Skills aren’t written in Python or Go — they’re agent behaviors described in prompt. When claude -p starts, it becomes an ephemeral agent that follows SKILL.md’s spec.

This is deliberate: skills are tunable the same way the main agent is. We avoid introducing a second programming model.

A UX mismatch

Async, async, async — but the user doesn’t know “async.” From the user’s perspective:

They say “make me a video”
agent says “OK, a few minutes”
30s, 60s, 90s pass
agent suddenly pops up “done, here’s [video link]”

In between, the user has no idea what’s happening. They might switch to something else, get anxious waiting, or repeatedly ask “is it done yet?”

Our current responses:

The agent’s reply on the submit_job turn must give a time estimate (“about a minute”).
When the worker finishes, it injects a system message; the agent continues the topic naturally next turn, not as an explicit “notification.”
When the user repeatedly asks “is it done?”, the agent can query bg_jobs (via another tool) and report progress.

What’s still unresolved:

Progress bars. Video generation isn’t 0/1 — it’s 0%, 30%, 80%, done. We don’t pipe fal-cli’s progress signals up to the agent layer. TODO: write intermediate state to bg_jobs.summary.
Cancellation. “Never mind, don’t bother.” The agent doesn’t cancel running jobs. Worker finishes and learns it was wasted effort.
Multi-task choreography. Agent submits 3 jobs in one turn with no described ordering. Worker runs them in parallel.

Directions we’re still thinking about

SDK-native fire-and-forget tools. If the SDK let us mark a tool as async: true — PreToolUse fires and returns a promise immediately, PostToolUse fires when the promise resolves — half of bg-worker disappears. We’ve sent feedback to Anthropic on this.

Worker observability hung off the main agent trace. Currently, a skill running in the worker is an independent Langfuse trace (generate-video-<batch_id>), unconnected to the main agent’s turn trace.

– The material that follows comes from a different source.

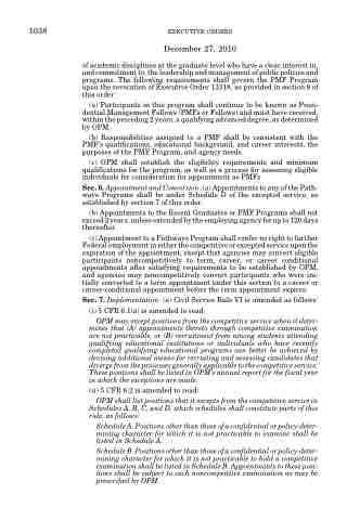 of academic disciplines at the graduate level who have a clear interest in, and commitment to, the leadership and management of public policies and programs. The following requirements shall govern the PMF Program upon the revocation of Executive Order 13318, as provided in section 8 of this order:

To see the full chain you join manually. TODO: pass TRACEPARENT when worker spawns claude -p to nest skill trace under turn trace.

A warm skill runner pool. claude -p cold-starts in ~500ms. A few resident worker processes could hot-start in ~50ms. But resident processes accumulate state — they’d need a reset between jobs. Under evaluation.

A look back

The submit_job pattern is the boundary discipline of I-2 extended to the agent behavior layer: long-running operations don’t belong in the main turn — push them out, keep the main turn light.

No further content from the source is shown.